[What is required] Ignoring every picture, transcribe the data in full as it stands.

[Opening Collected material section]

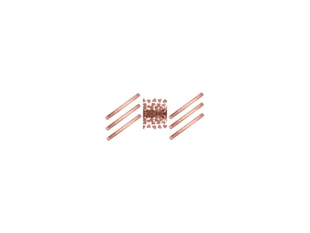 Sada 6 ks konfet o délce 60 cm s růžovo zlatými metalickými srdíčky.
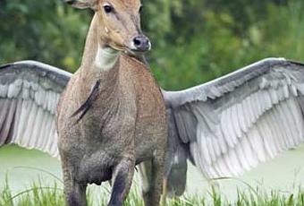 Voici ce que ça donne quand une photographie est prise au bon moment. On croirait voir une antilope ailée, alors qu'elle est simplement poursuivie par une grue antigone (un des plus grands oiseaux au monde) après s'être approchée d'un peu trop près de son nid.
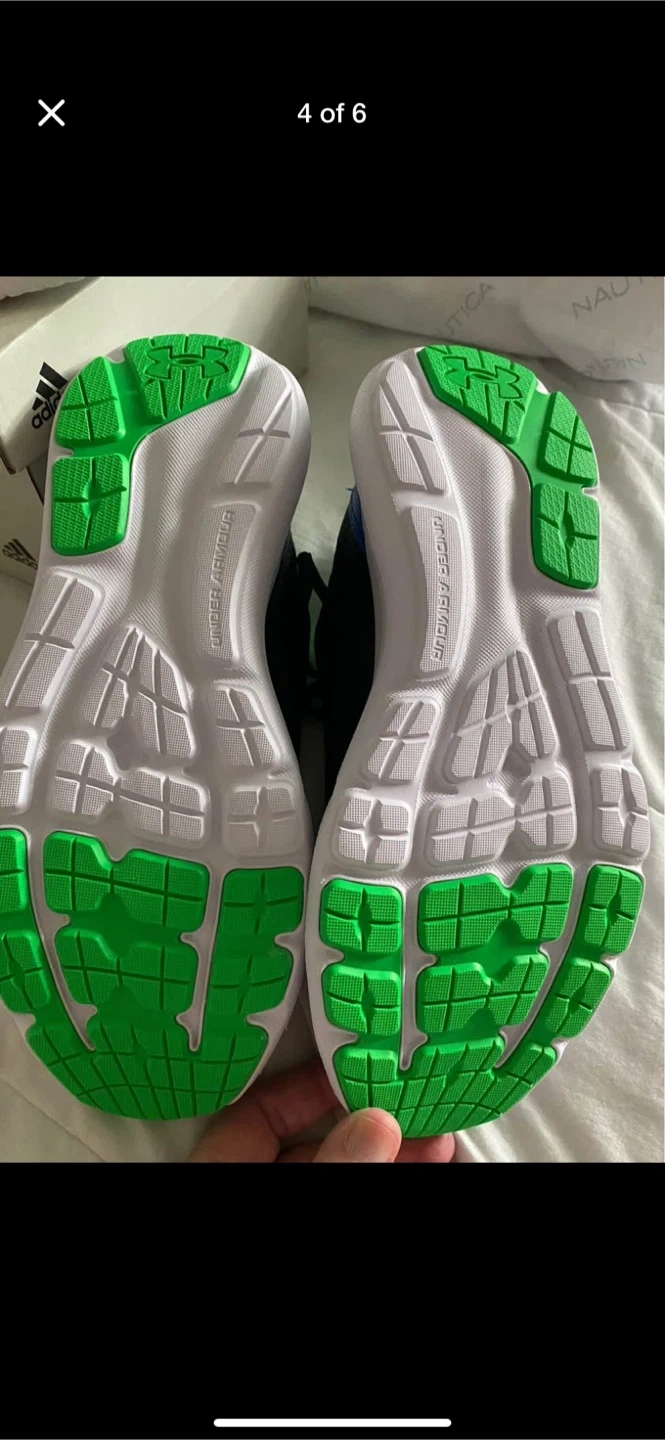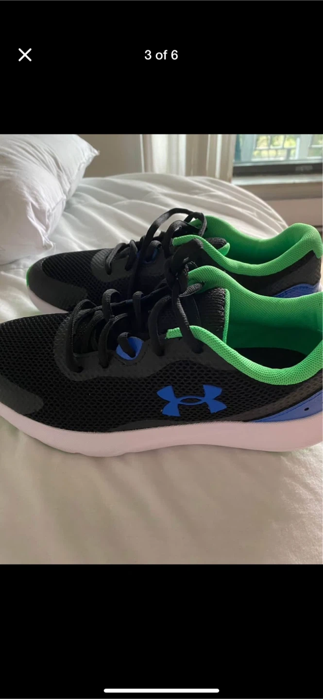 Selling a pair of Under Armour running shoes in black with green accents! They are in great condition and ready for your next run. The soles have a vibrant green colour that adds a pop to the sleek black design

[Closing Collected material section]

[Expected output]
 Sada 6 ks konfet o délce 60 cm s růžovo zlatými metalickými srdíčky.
 Voici ce que ça donne quand une photographie est prise au bon moment. On croirait voir une antilope ailée, alors qu'elle est simplement poursuivie par une grue antigone (un des plus grands oiseaux au monde) après s'être approchée d'un peu trop près de son nid.
 Selling a pair of Under Armour running shoes in black with green accents! They are in great condition and ready for your next run. The soles have a vibrant green colour that adds a pop to the sleek black design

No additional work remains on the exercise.